F A expose que la parcelle sise à Rosières de 12 ha 49 a 39 ca et la parcelle sise à Meharicourt de 1 ha 80 a 35 ca lui ont été louées par L Z usufruitier, à la suite d’une exploitation réalisée par B C et que les formalités administratives auprès de la mutualité sociale agricole et la cession des droits à paiement unique ont été réalisées.

F A soutient en premier lieu que H Z épouse X n’est que co-indivisaire des parcelles objets du litige dès lors qu’elle ne justifie pas avoir racheté les terres de son frère, et qu’elle n’est donc pas recevable à solliciter une quelconque mesure ou de résiliation ou d’expulsion d’un occupant sans droit ni titre dès lors qu’elle ne remplit pas seule la qualité de propriétaire.
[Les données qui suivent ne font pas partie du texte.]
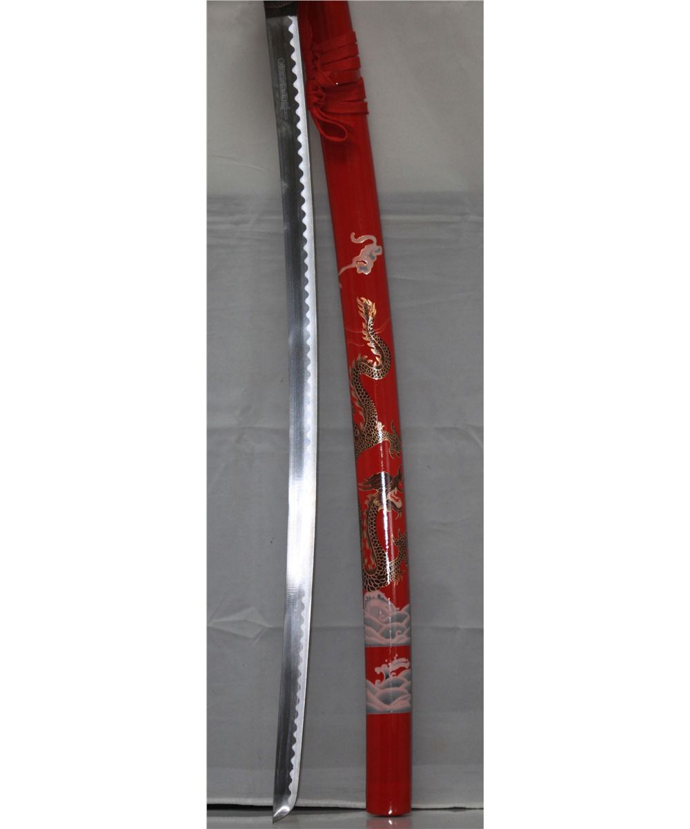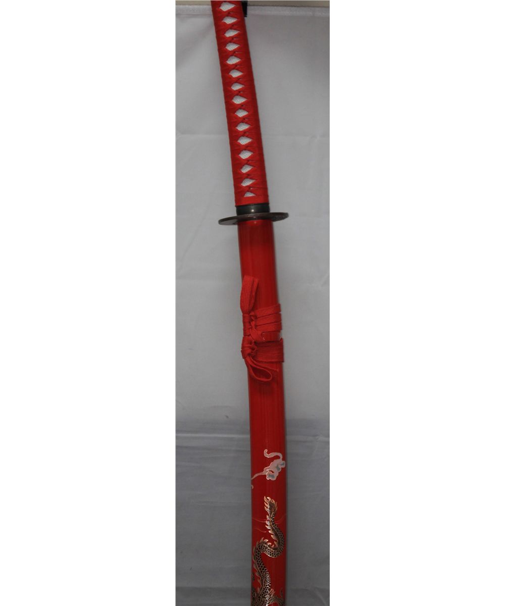 COLLECTORS EDITION 40.5" SKY BLUE CHINESE DRAGON KATANA **|**|** OVERALL LENGTH 40.5" BLADE LENGTH 26" HANDLE LENGTH 11" CARBON STEEL BLADE IMITATION RAY SKIN WRAPPED HANDLE SKY BLUE DRAGON DESIGN WOOD SHEATH ; MSRP: $0

F A invoque à son profit l’existence d’un bail verbal au vu d’un document intitulé 'droit à paiement unique-attestation de bail verbal’ rédigé de la main de L Z, signé, lu et approuvé par lui, par lequel il reconnaît lui avoir donné à bail verbal des terres.

Il fait valoir que H Z épouse X est irrecevable en sa demande de nullité du bail comme étant nouvelle en cause d’appel, et au surplus forclose comme engagée 'plus de 5 ans après l’existence du bail'.

En toute hypothèse F A demande à la cour de faire application de l’article 1122 du code civil. Il entend également faire échec à la demande en nullité au regard de la qualité de propriétaire apparent du bailleur, cette théorie devant recevoir application qu’il soit considéré que H Z épouse X a la qualité de nue-propriétaire des parcelles ou de propriétaire desdites parcelles.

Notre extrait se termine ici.